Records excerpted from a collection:
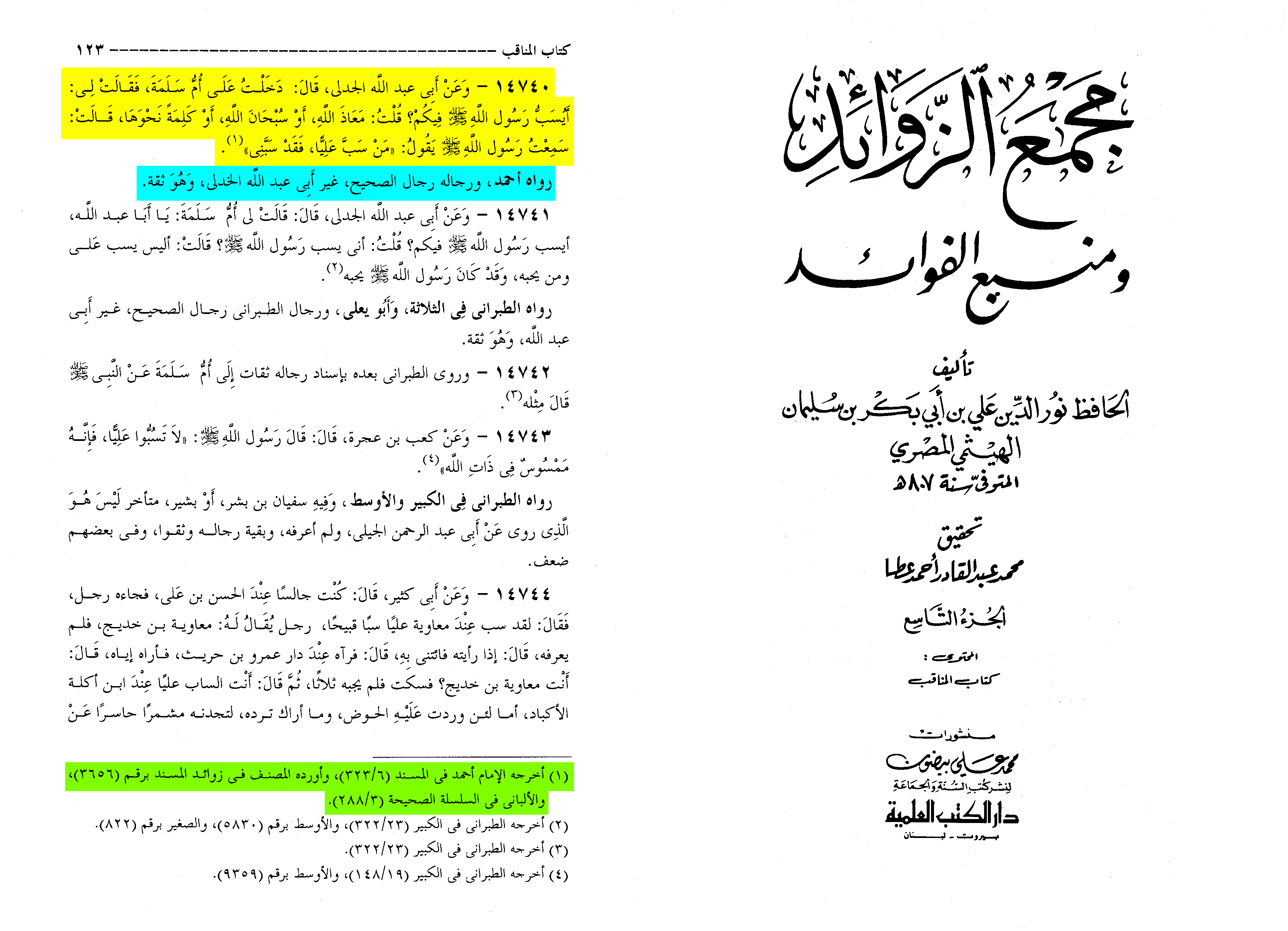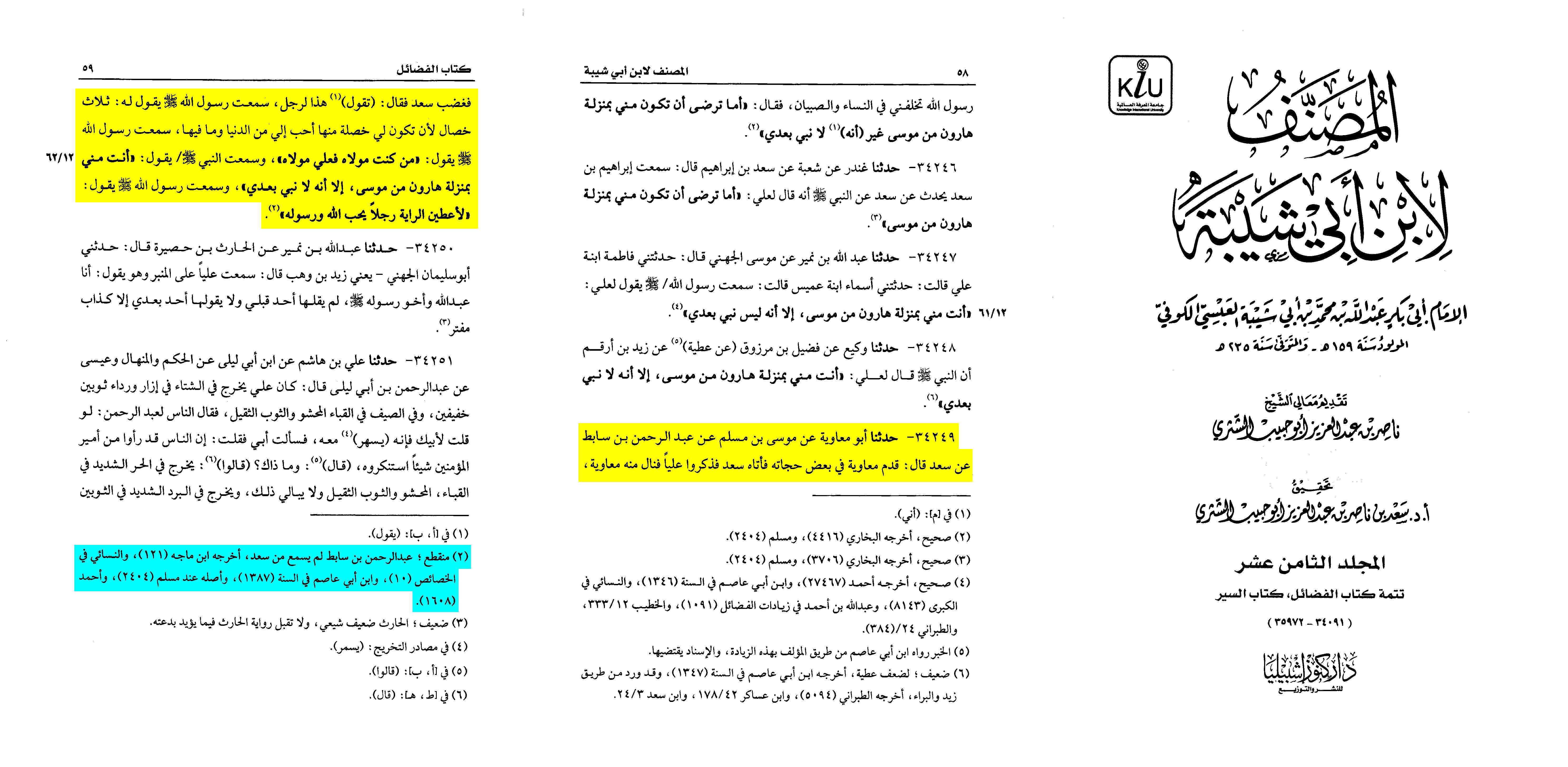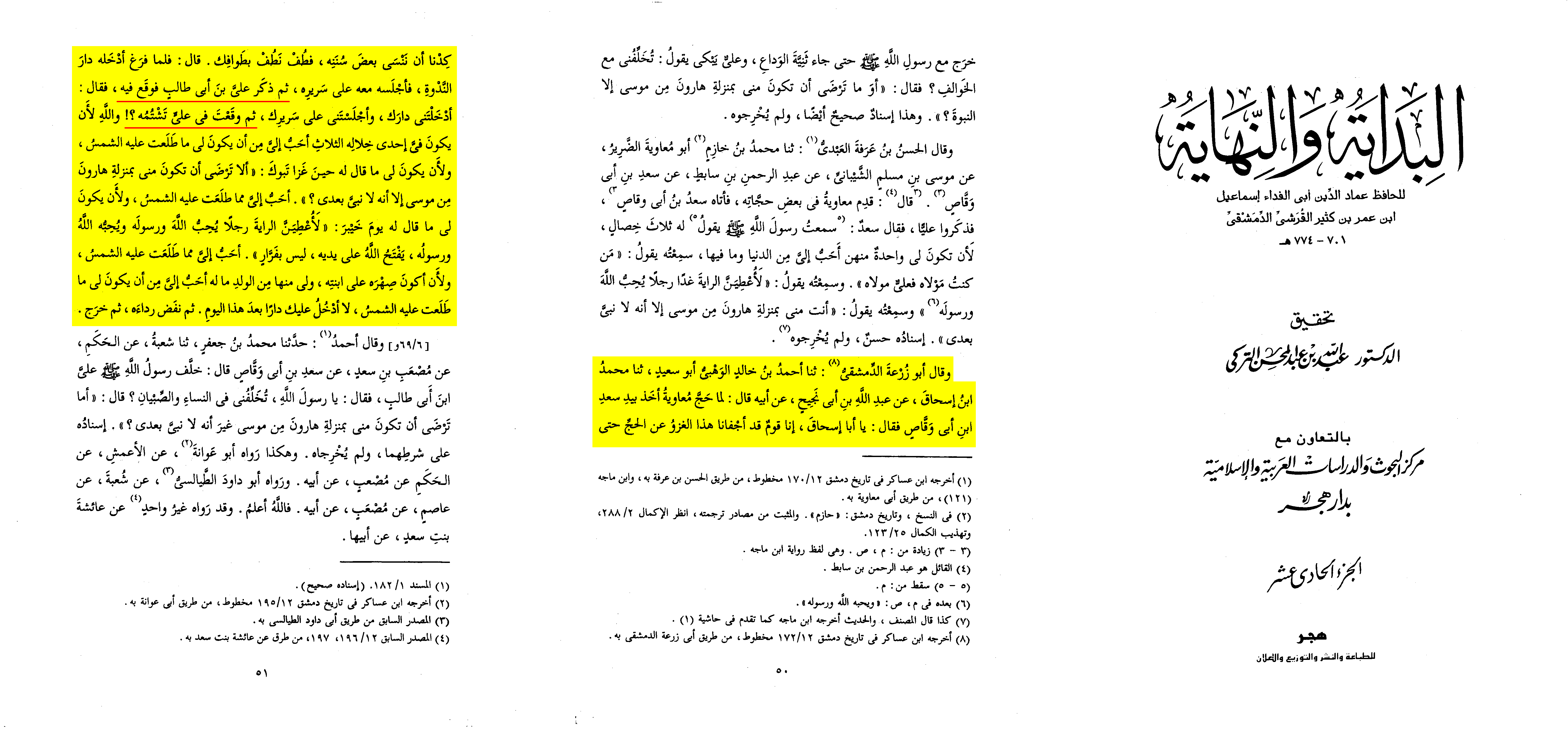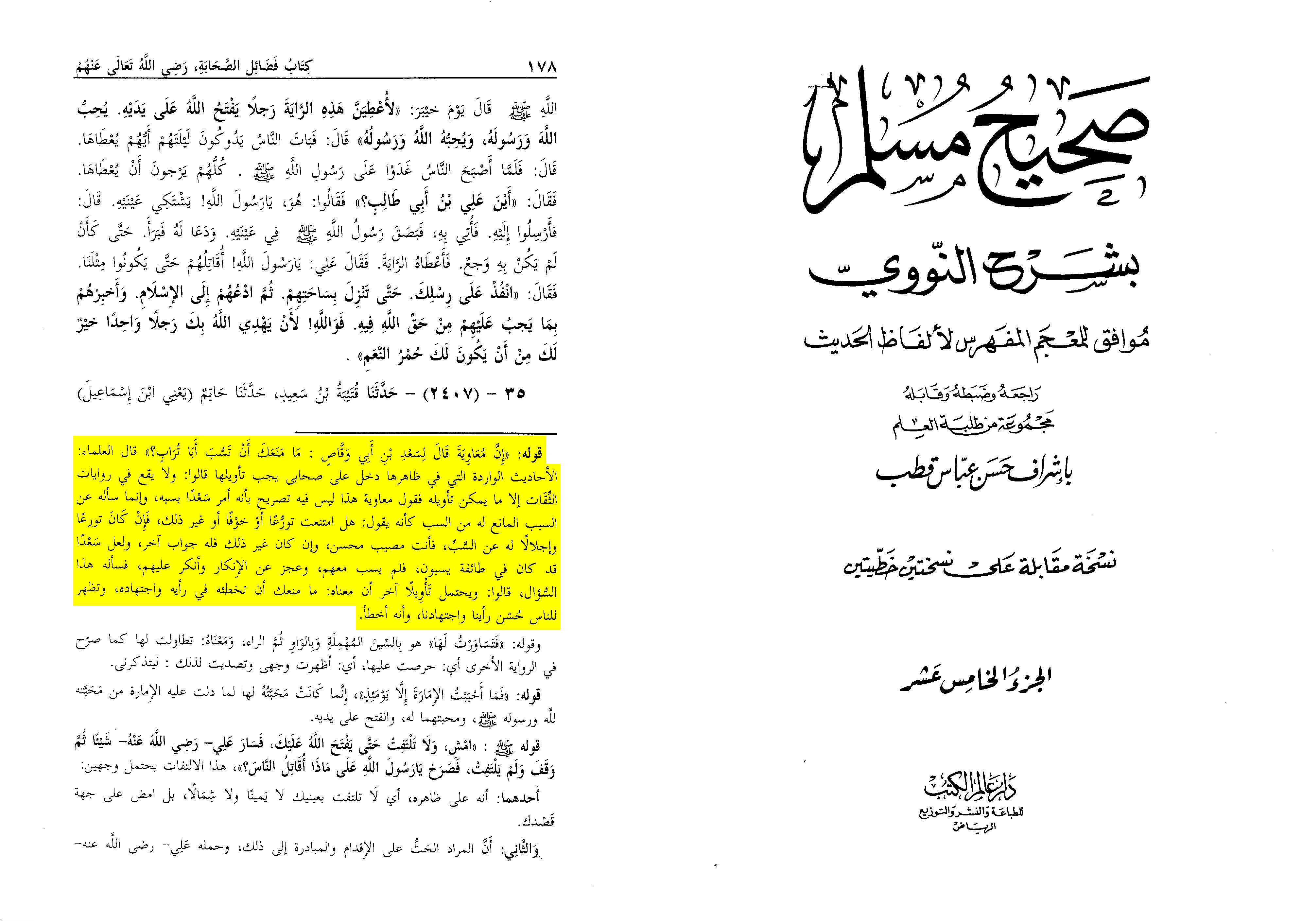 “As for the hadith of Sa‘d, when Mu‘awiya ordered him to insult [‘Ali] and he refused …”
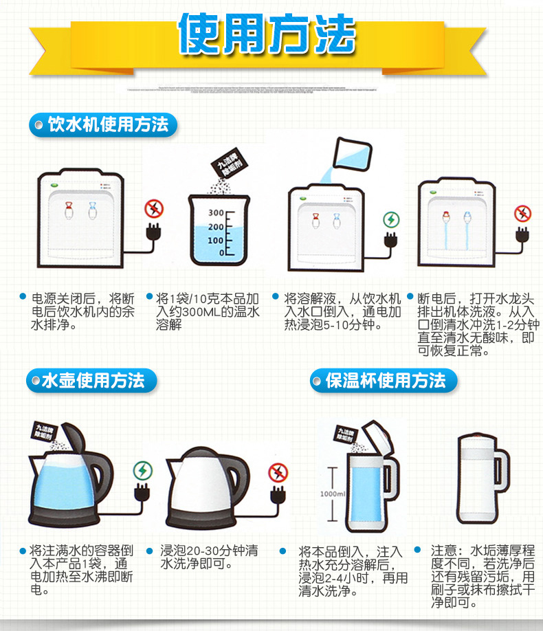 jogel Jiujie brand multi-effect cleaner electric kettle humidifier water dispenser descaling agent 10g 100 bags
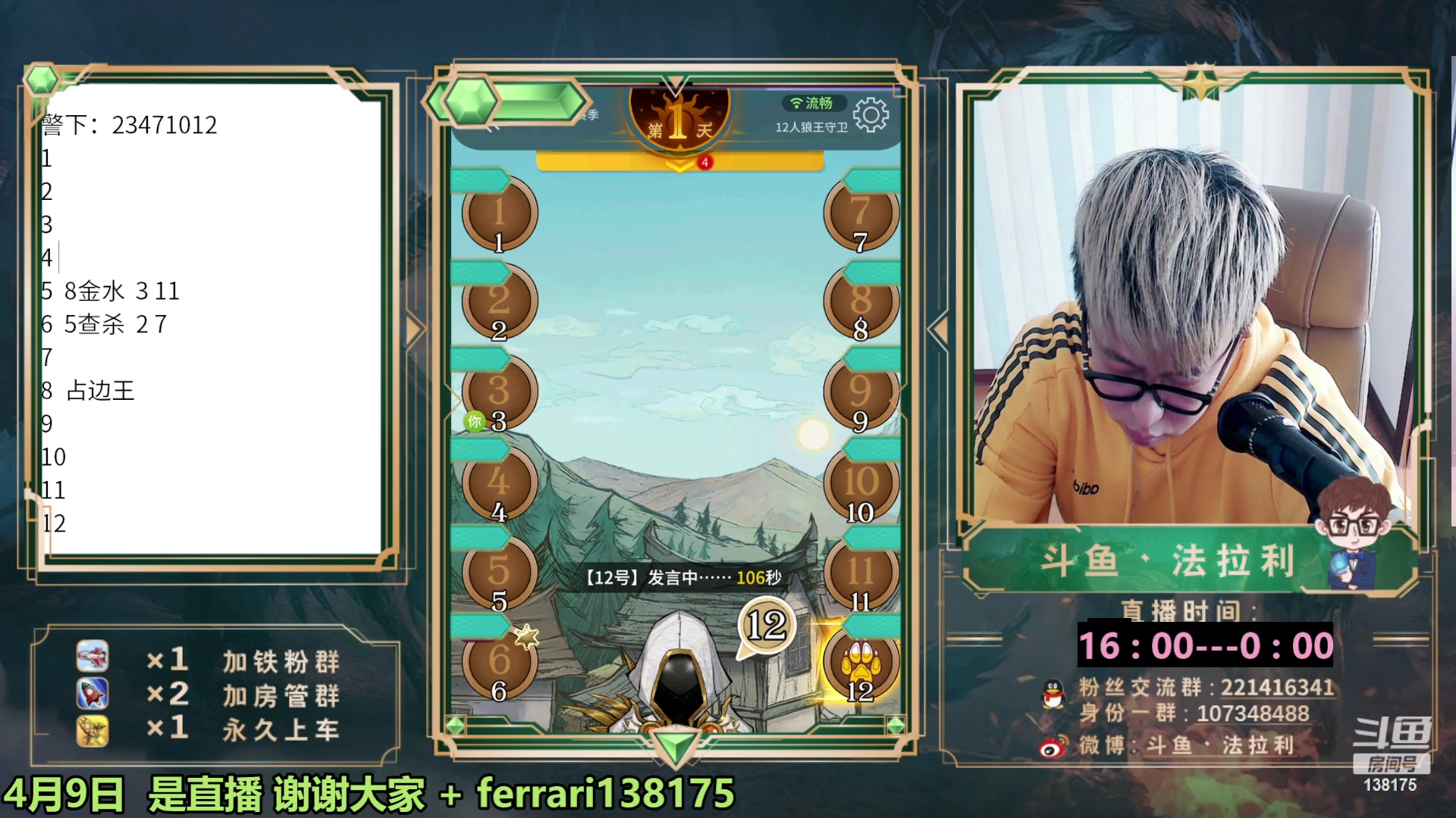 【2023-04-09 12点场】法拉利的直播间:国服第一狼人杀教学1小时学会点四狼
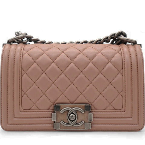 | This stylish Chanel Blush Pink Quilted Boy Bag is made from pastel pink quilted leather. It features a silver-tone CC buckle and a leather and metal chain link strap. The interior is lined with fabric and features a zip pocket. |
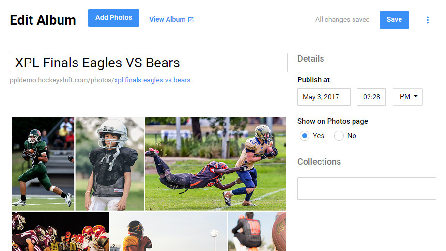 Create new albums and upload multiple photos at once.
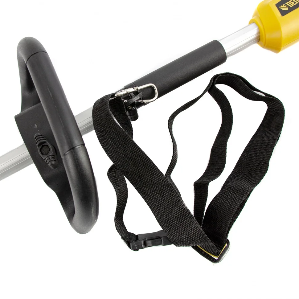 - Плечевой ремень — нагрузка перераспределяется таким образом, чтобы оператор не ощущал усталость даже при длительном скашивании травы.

ACTIVITY:
Leaving aside the images, write out every entry above exactly.

COMPLETED TASK:
 “As for the hadith of Sa‘d, when Mu‘awiya ordered him to insult [‘Ali] and he refused …”
 jogel Jiujie brand multi-effect cleaner electric kettle humidifier water dispenser descaling agent 10g 100 bags
 【2023-04-09 12点场】法拉利的直播间:国服第一狼人杀教学1小时学会点四狼
 | This stylish Chanel Blush Pink Quilted Boy Bag is made from pastel pink quilted leather. It features a silver-tone CC buckle and a leather and metal chain link strap. The interior is lined with fabric and features a zip pocket. |
 Create new albums and upload multiple photos at once.
 - Плечевой ремень — нагрузка перераспределяется таким образом, чтобы оператор не ощущал усталость даже при длительном скашивании травы.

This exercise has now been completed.